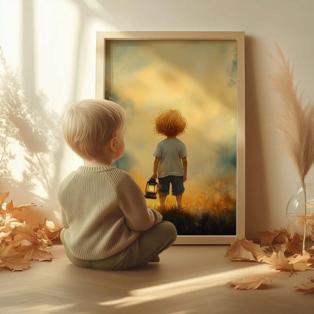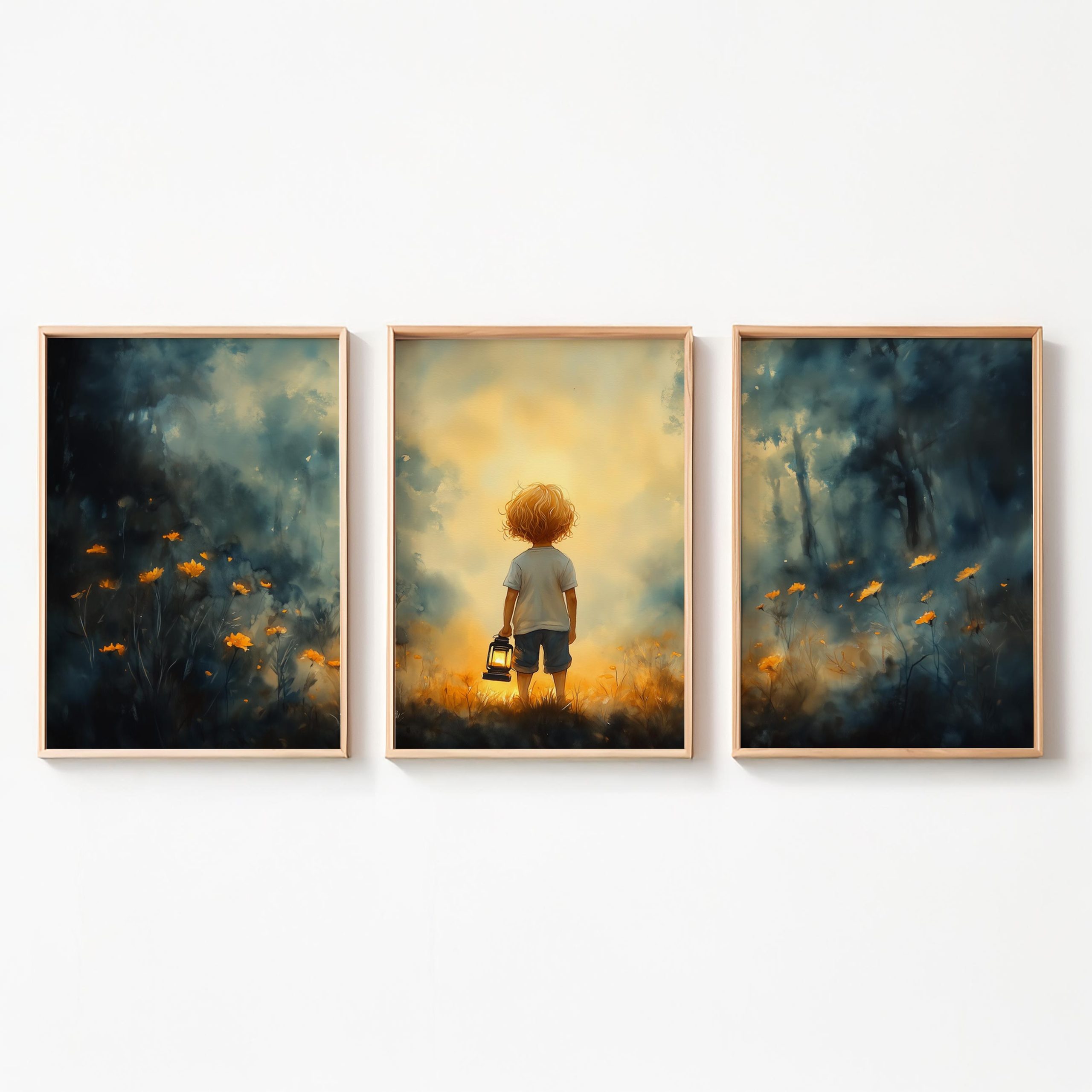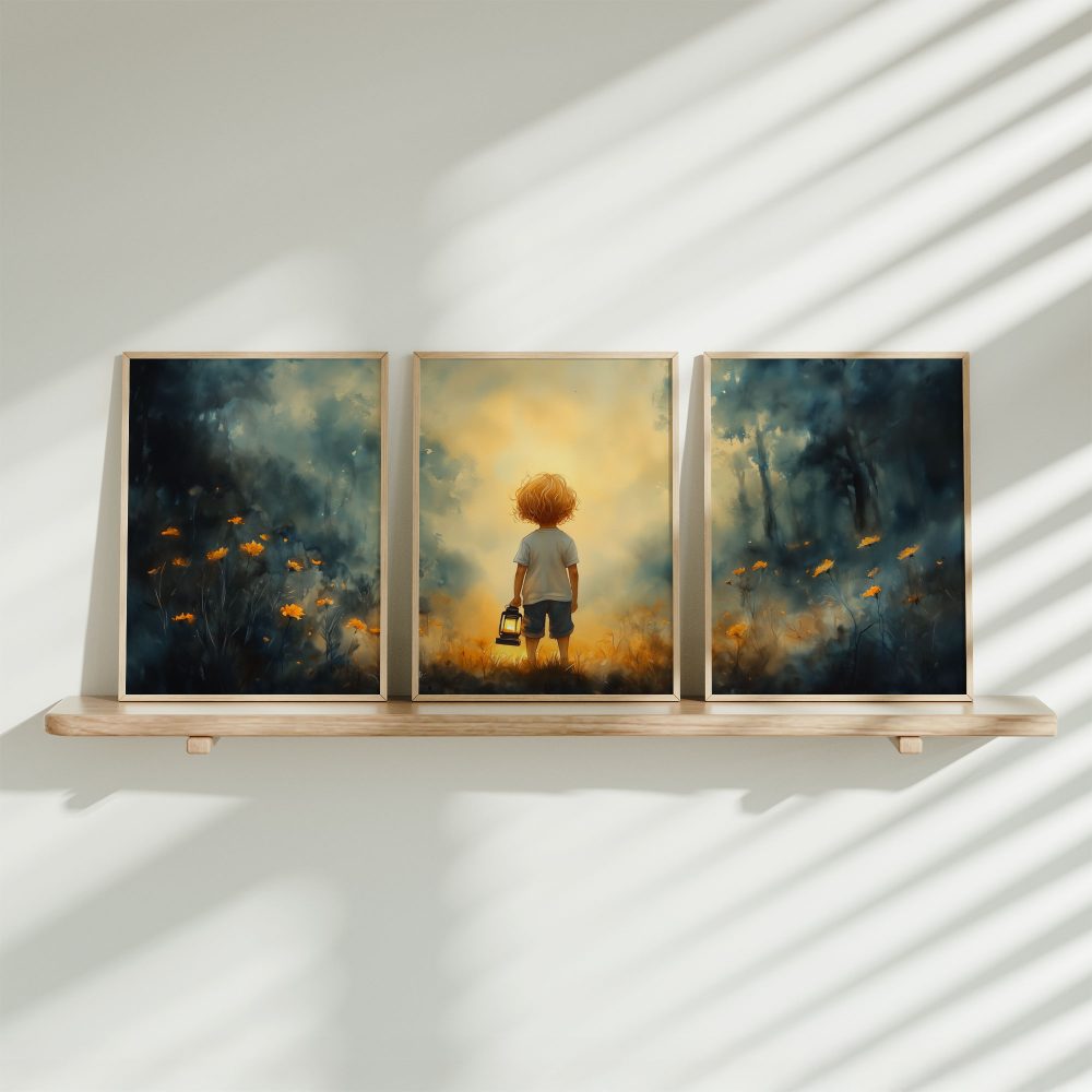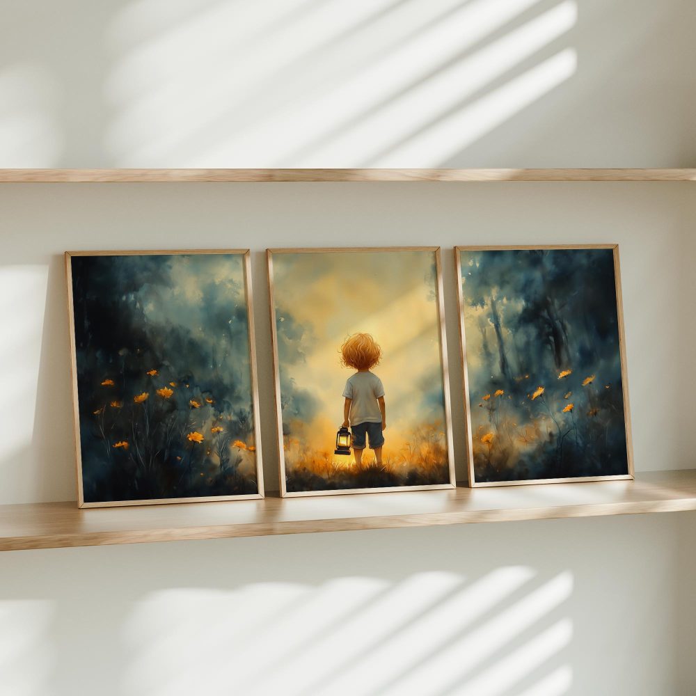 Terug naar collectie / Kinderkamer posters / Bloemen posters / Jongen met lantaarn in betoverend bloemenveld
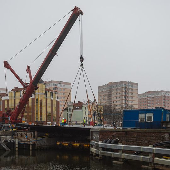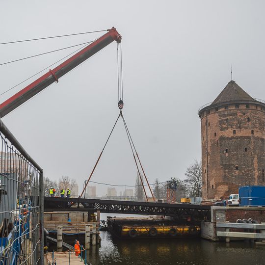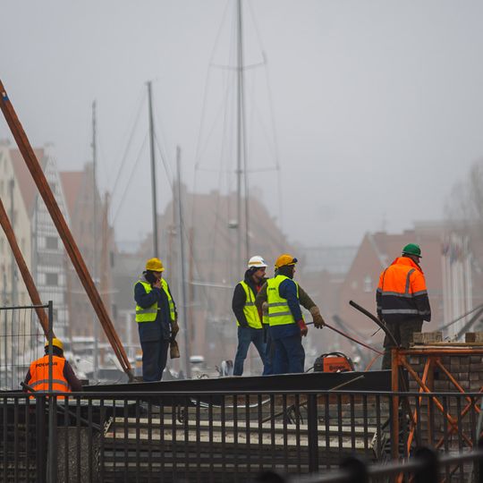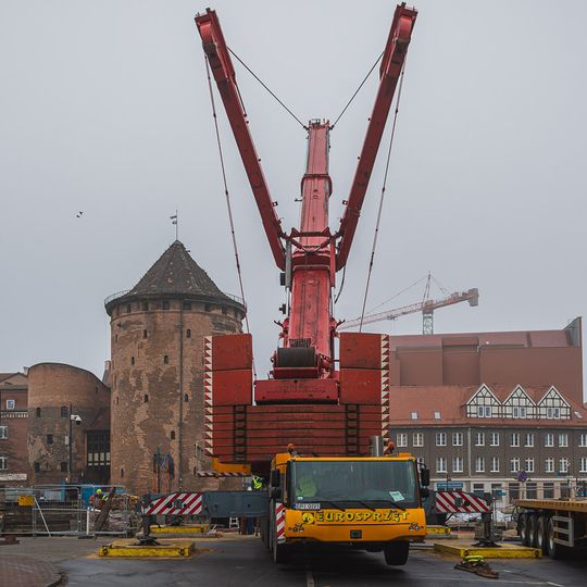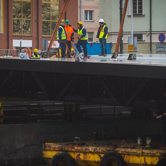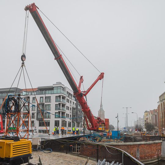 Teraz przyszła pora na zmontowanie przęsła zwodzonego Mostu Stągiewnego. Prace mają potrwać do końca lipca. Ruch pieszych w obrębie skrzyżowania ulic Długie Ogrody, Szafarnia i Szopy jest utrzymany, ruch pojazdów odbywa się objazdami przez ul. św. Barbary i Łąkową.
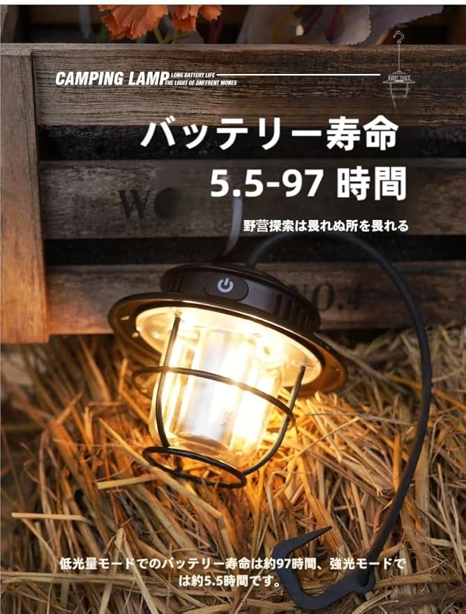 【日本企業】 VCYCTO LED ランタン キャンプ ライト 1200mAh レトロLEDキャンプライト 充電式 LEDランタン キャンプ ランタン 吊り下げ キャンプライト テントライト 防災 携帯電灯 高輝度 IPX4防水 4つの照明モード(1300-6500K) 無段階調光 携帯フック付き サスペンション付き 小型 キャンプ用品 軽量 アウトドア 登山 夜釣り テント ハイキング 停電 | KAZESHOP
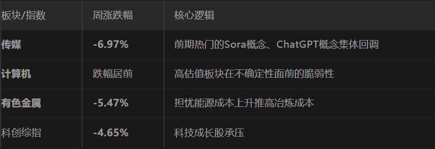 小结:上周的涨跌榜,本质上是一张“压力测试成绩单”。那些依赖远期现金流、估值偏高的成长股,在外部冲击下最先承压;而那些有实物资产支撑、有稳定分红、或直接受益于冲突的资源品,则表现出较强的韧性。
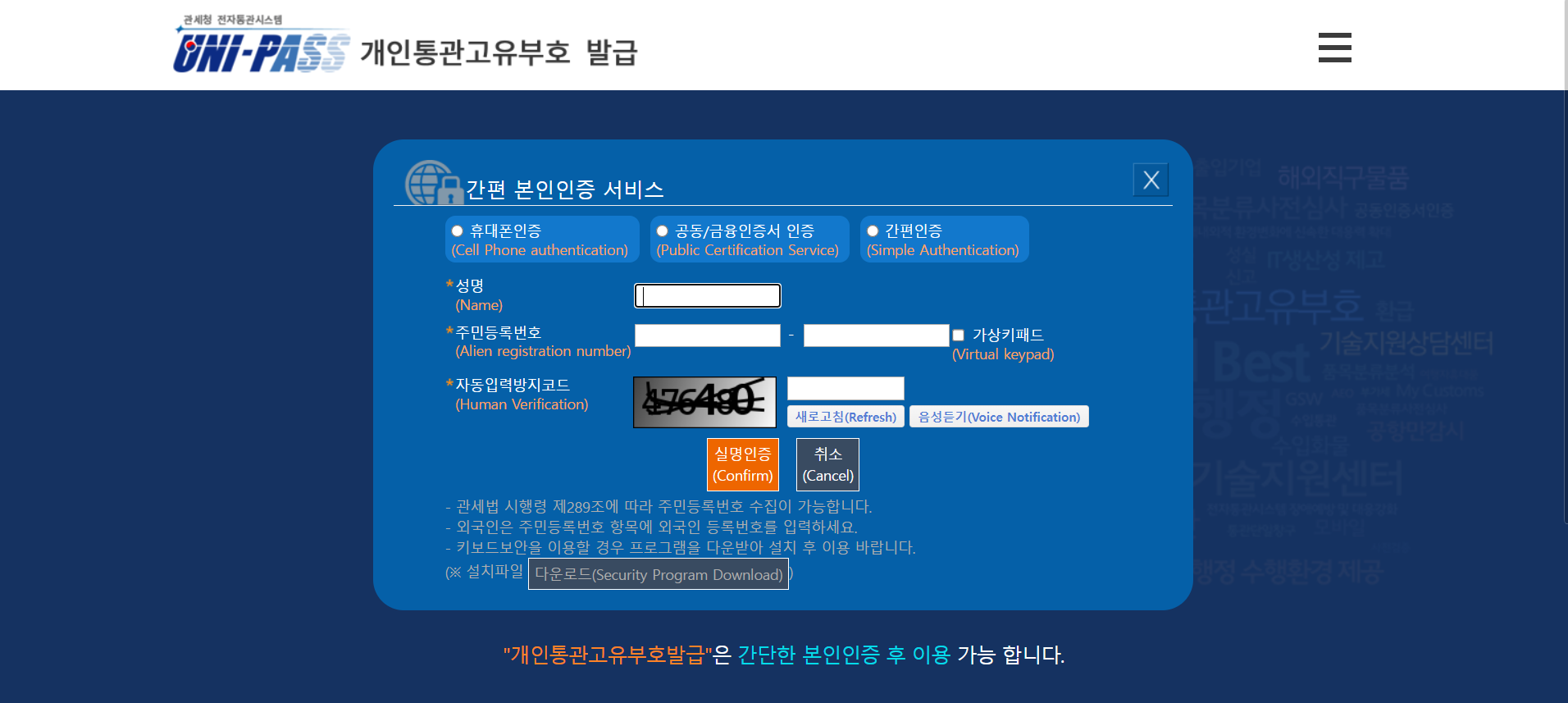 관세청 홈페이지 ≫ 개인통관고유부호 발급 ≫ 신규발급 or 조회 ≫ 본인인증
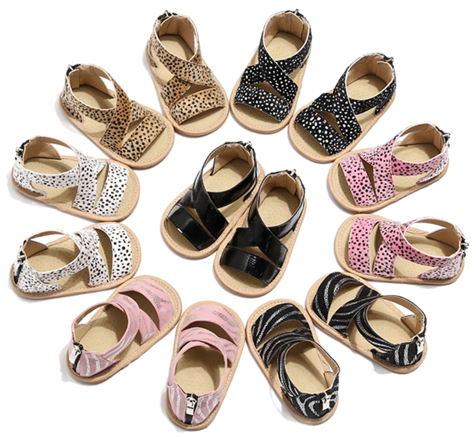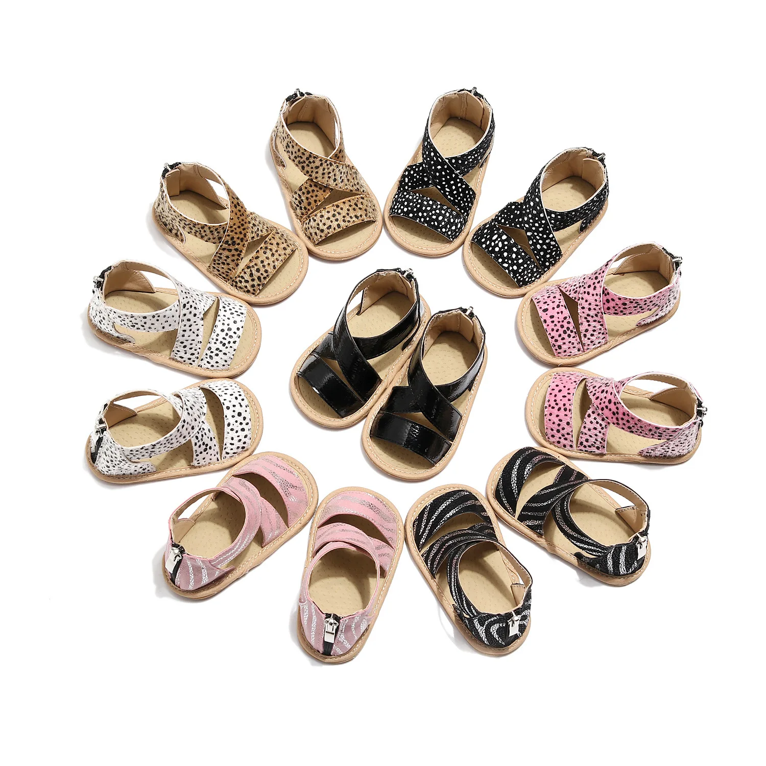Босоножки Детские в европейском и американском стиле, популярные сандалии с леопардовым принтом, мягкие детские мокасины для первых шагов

Try it: Begin at the line containing "관세청 홈페이지 ≫ 개인통관고유부호 발급 ≫ 신규발급 or 조회 ≫ 본인인증" and copy every line through the end of the data above exactly, omitting the pictures.

Response area:
 관세청 홈페이지 ≫ 개인통관고유부호 발급 ≫ 신규발급 or 조회 ≫ 본인인증
Босоножки Детские в европейском и американском стиле, популярные сандалии с леопардовым принтом, мягкие детские мокасины для первых шагов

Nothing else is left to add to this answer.